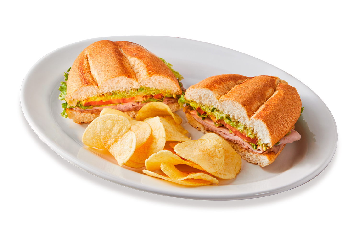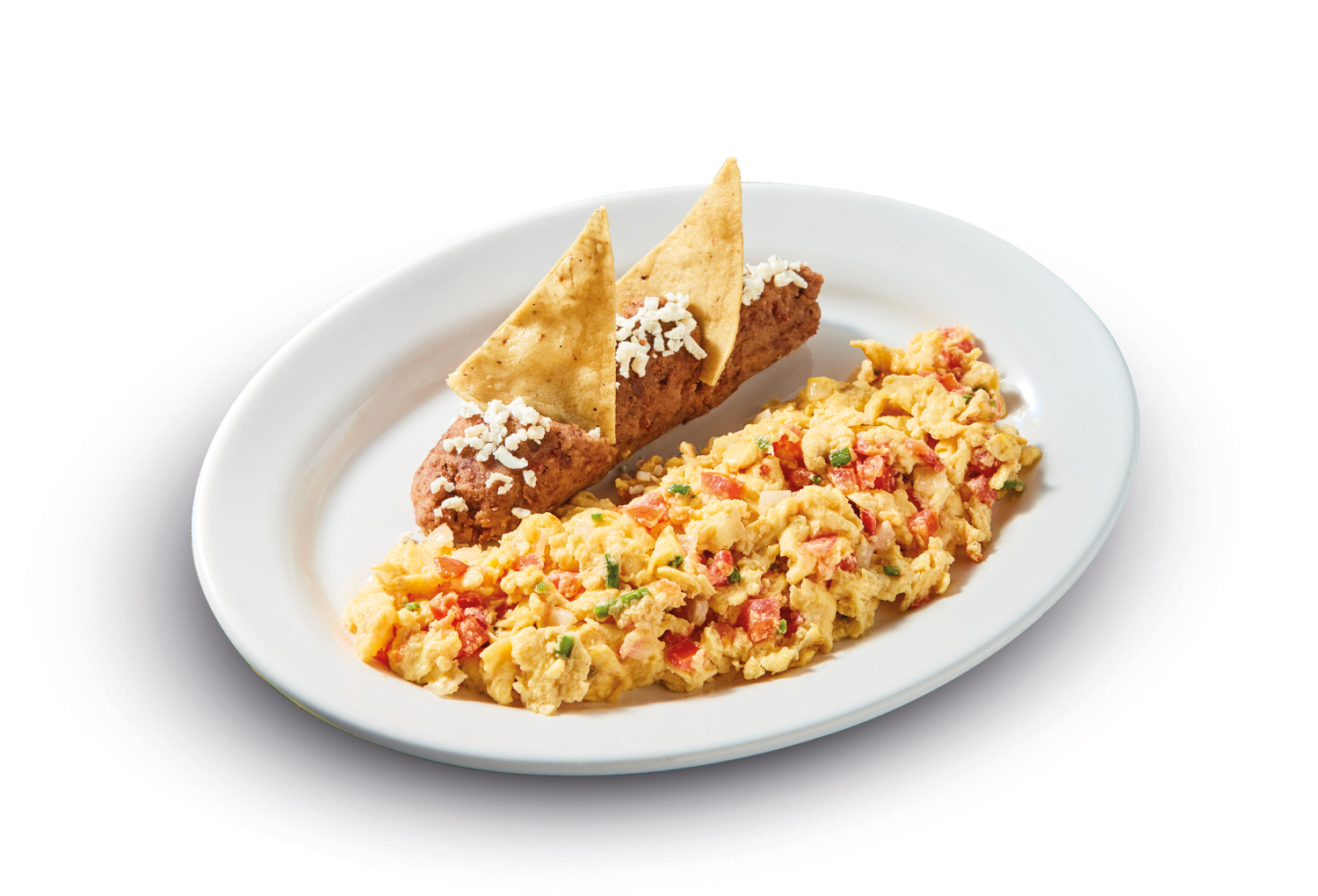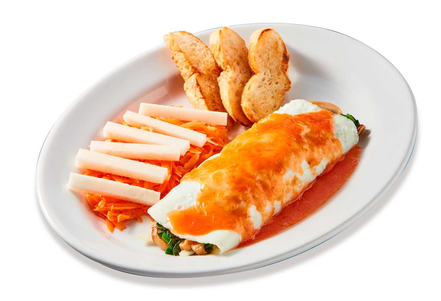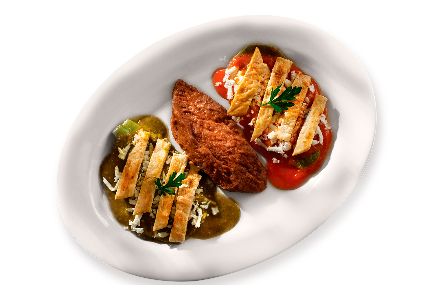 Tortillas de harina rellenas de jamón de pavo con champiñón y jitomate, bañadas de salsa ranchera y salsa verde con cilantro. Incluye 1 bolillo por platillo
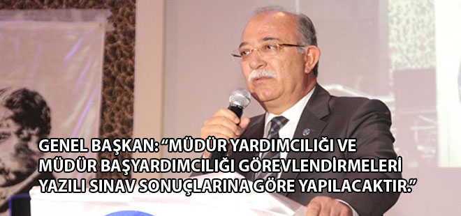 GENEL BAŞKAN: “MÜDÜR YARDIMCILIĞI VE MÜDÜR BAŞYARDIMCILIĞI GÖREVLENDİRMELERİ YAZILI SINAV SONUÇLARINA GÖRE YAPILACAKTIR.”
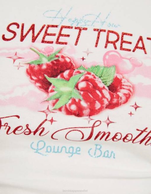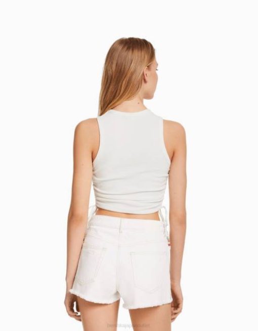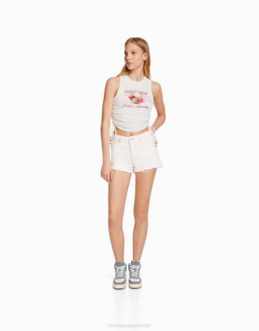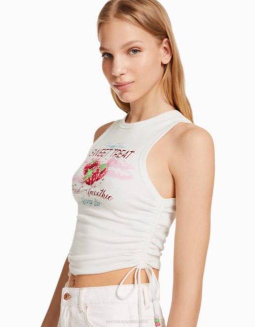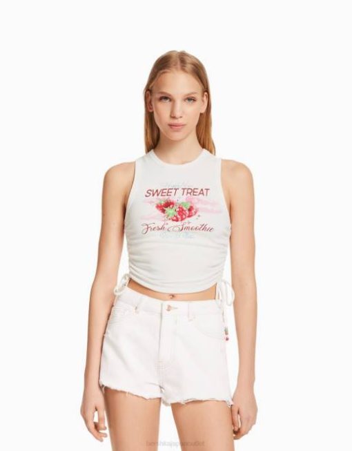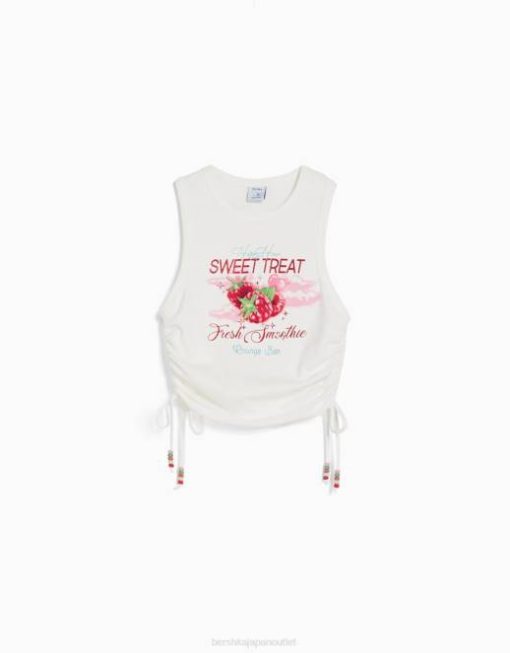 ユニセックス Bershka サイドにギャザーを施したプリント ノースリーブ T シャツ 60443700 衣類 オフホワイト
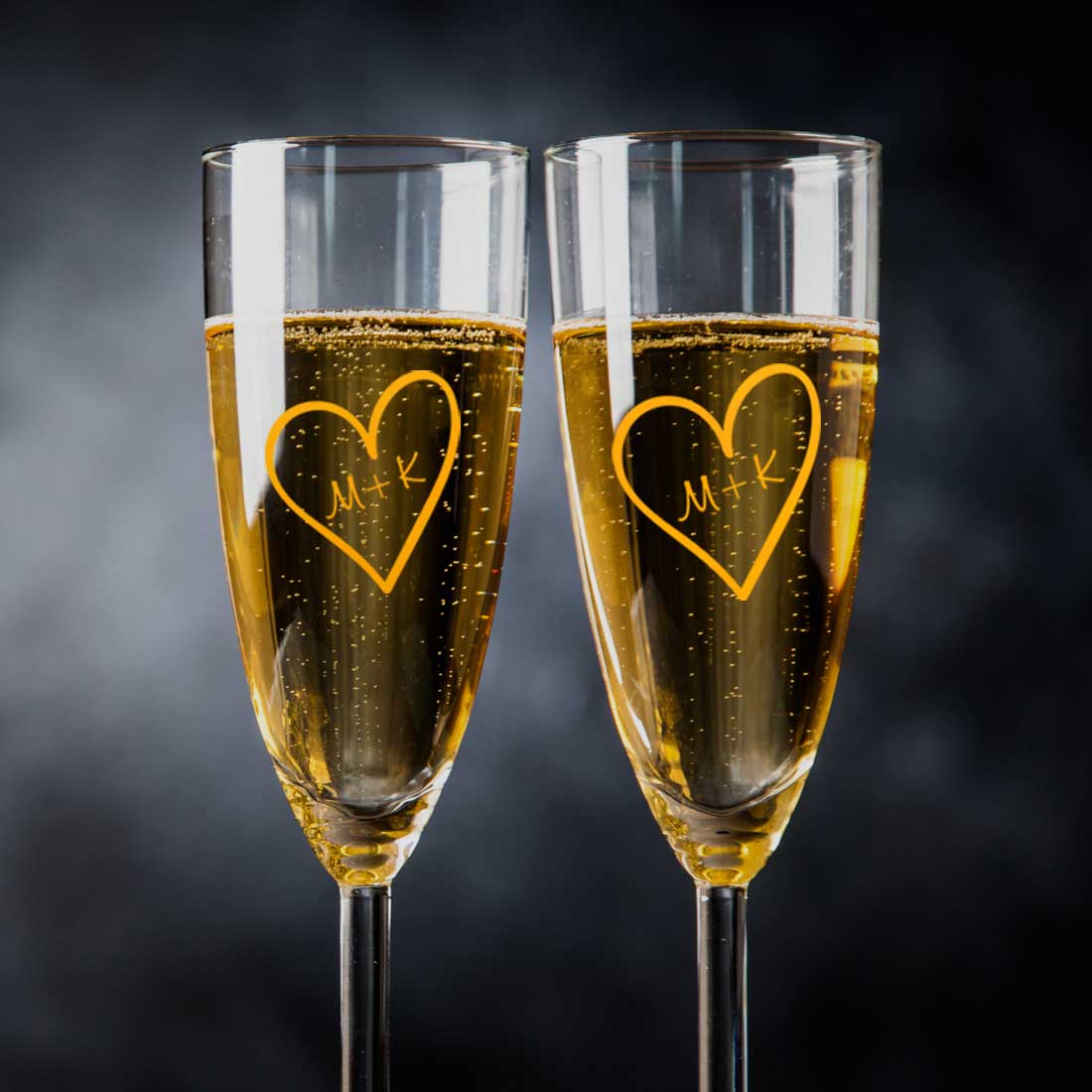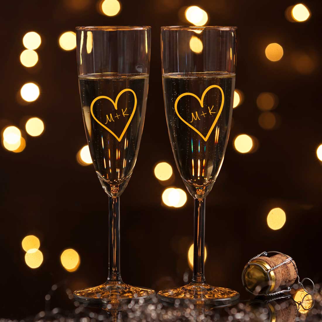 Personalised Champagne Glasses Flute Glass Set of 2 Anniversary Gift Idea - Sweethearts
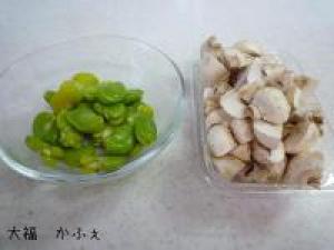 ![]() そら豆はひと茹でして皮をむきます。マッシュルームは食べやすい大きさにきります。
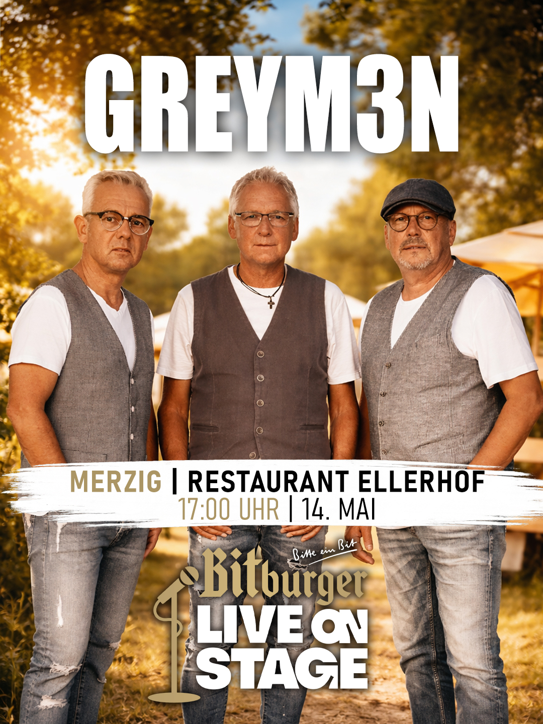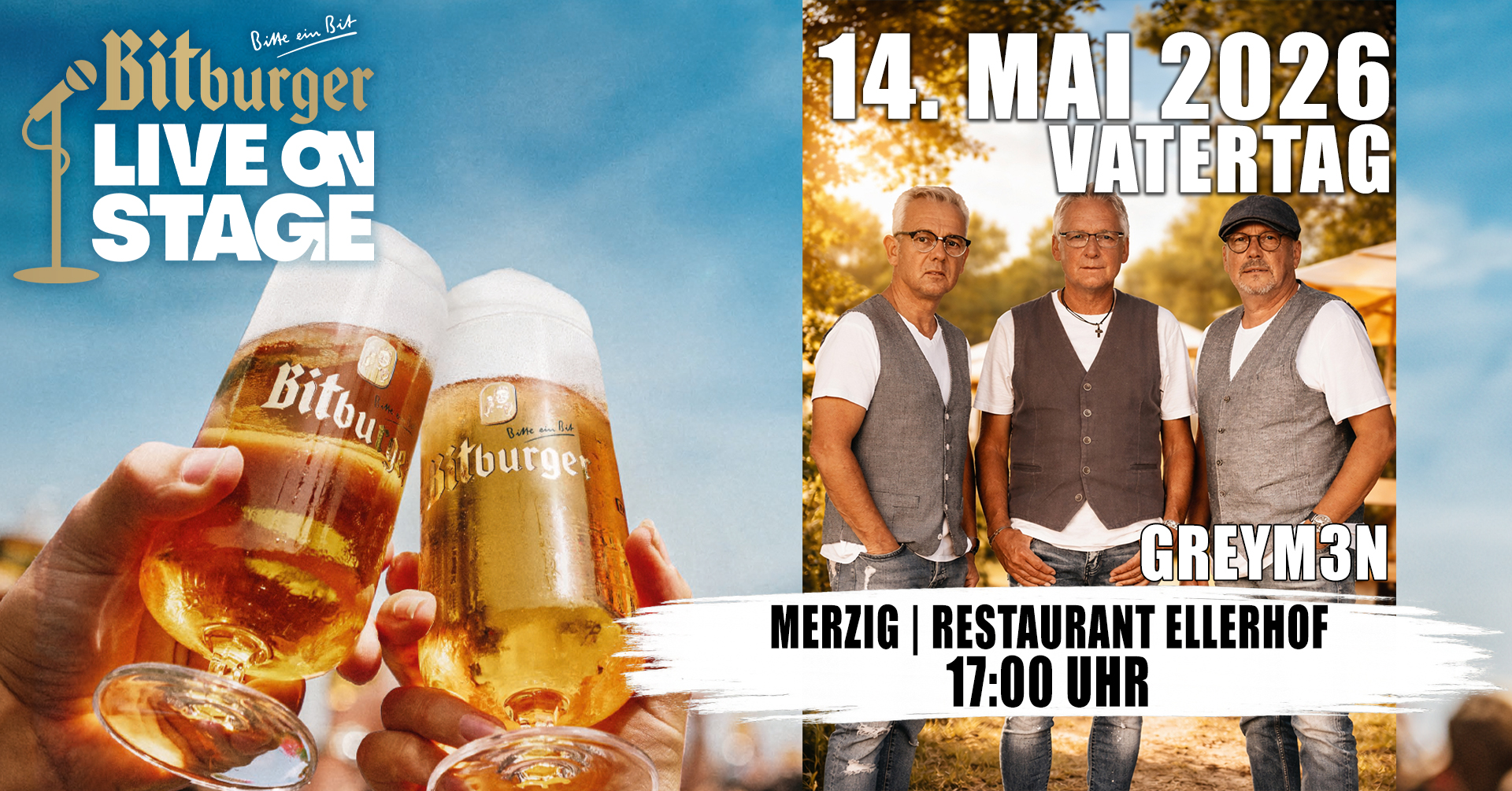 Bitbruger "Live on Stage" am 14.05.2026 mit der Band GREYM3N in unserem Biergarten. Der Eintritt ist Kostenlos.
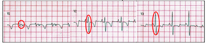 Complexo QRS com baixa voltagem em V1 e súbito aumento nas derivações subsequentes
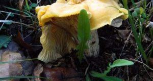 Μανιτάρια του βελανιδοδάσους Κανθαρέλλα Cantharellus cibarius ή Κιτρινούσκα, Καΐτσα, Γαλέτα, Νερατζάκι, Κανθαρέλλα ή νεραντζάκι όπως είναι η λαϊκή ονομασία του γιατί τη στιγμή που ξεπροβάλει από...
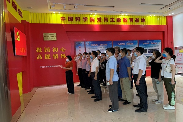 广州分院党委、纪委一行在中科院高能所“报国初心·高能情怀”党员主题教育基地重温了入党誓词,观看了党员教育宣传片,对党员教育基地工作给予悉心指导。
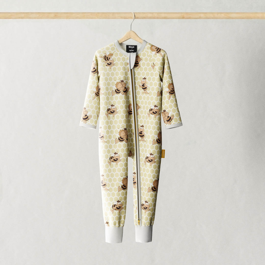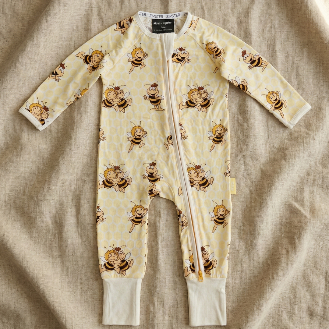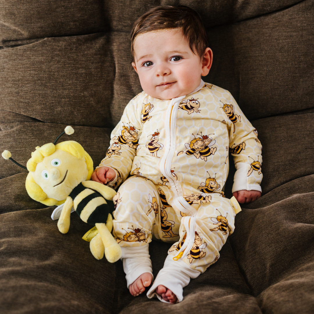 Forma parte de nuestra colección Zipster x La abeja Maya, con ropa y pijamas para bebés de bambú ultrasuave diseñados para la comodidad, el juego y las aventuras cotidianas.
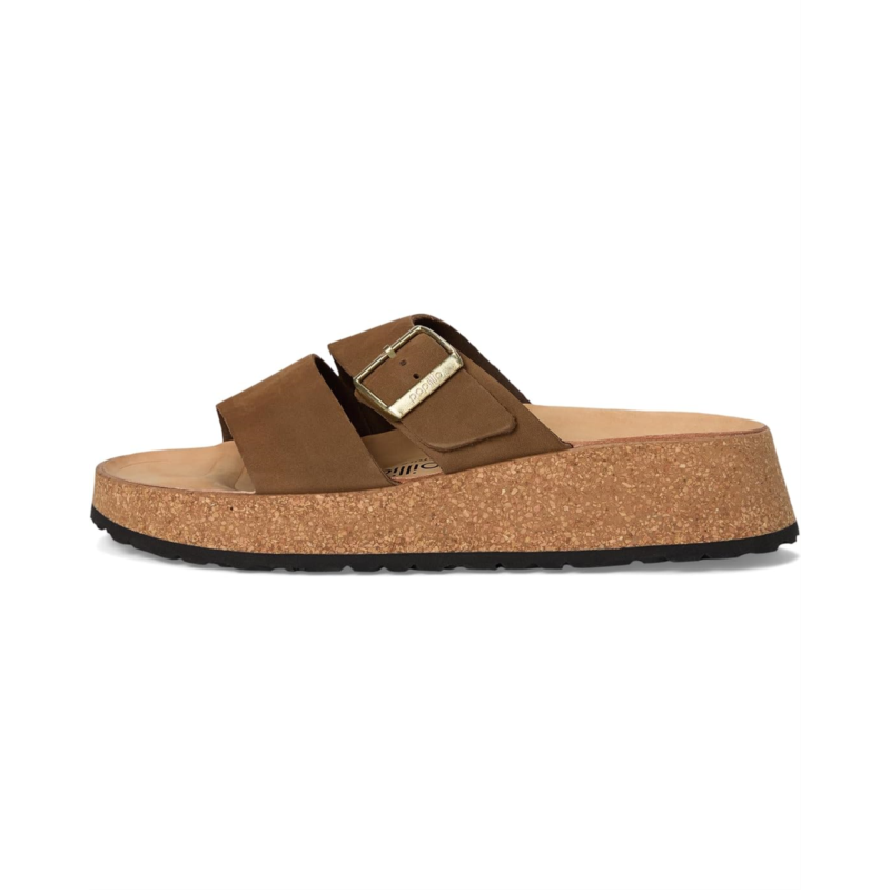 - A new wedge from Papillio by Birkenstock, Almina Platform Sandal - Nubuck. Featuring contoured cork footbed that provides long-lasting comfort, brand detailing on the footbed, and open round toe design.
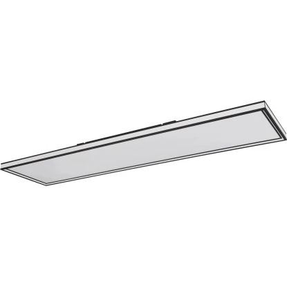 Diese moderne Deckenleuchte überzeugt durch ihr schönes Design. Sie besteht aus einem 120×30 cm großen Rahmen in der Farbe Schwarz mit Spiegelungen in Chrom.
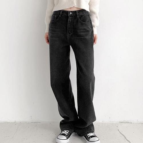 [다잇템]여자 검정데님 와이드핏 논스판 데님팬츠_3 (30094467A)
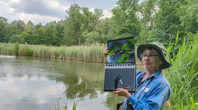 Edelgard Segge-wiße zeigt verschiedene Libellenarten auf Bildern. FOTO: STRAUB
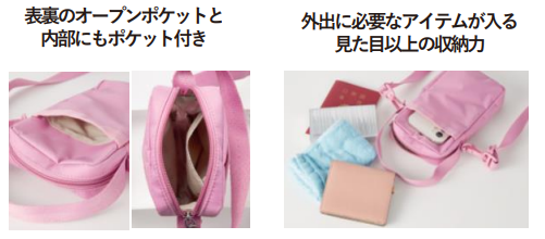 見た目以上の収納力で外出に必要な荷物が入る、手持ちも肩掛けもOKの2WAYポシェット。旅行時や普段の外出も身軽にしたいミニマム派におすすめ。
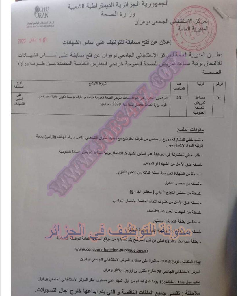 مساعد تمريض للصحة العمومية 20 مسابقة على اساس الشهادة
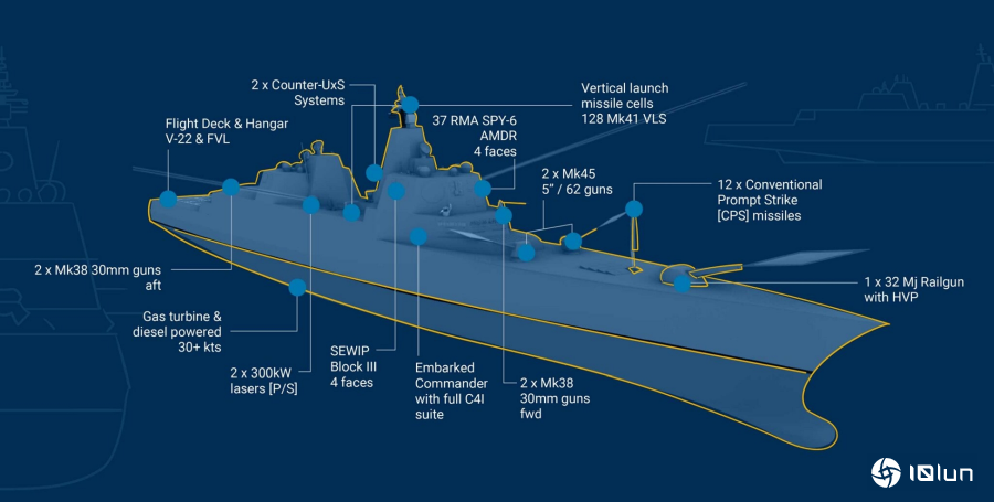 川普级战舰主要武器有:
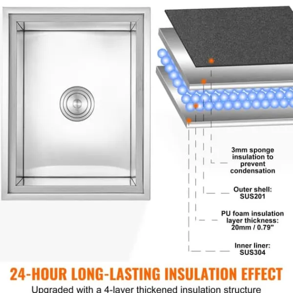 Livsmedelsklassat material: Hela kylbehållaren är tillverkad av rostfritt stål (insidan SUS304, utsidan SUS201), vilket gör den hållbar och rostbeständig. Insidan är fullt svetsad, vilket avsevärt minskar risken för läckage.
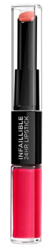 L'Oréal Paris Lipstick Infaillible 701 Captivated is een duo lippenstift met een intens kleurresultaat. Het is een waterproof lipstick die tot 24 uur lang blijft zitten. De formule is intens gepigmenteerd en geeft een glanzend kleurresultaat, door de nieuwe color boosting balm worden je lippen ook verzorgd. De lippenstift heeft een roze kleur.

Assignment —
Set down exactly, and only, the lines from the one holding "見た目以上の収納力で外出に必" to the end of the records above, leaving every picture out.

Expected answer —
 見た目以上の収納力で外出に必要な荷物が入る、手持ちも肩掛けもOKの2WAYポシェット。旅行時や普段の外出も身軽にしたいミニマム派におすすめ。
 مساعد تمريض للصحة العمومية 20 مسابقة على اساس الشهادة
 川普级战舰主要武器有:
 Livsmedelsklassat material: Hela kylbehållaren är tillverkad av rostfritt stål (insidan SUS304, utsidan SUS201), vilket gör den hållbar och rostbeständig. Insidan är fullt svetsad, vilket avsevärt minskar risken för läckage.
 L'Oréal Paris Lipstick Infaillible 701 Captivated is een duo lippenstift met een intens kleurresultaat. Het is een waterproof lipstick die tot 24 uur lang blijft zitten. De formule is intens gepigmenteerd en geeft een glanzend kleurresultaat, door de nieuwe color boosting balm worden je lippen ook verzorgd. De lippenstift heeft een roze kleur.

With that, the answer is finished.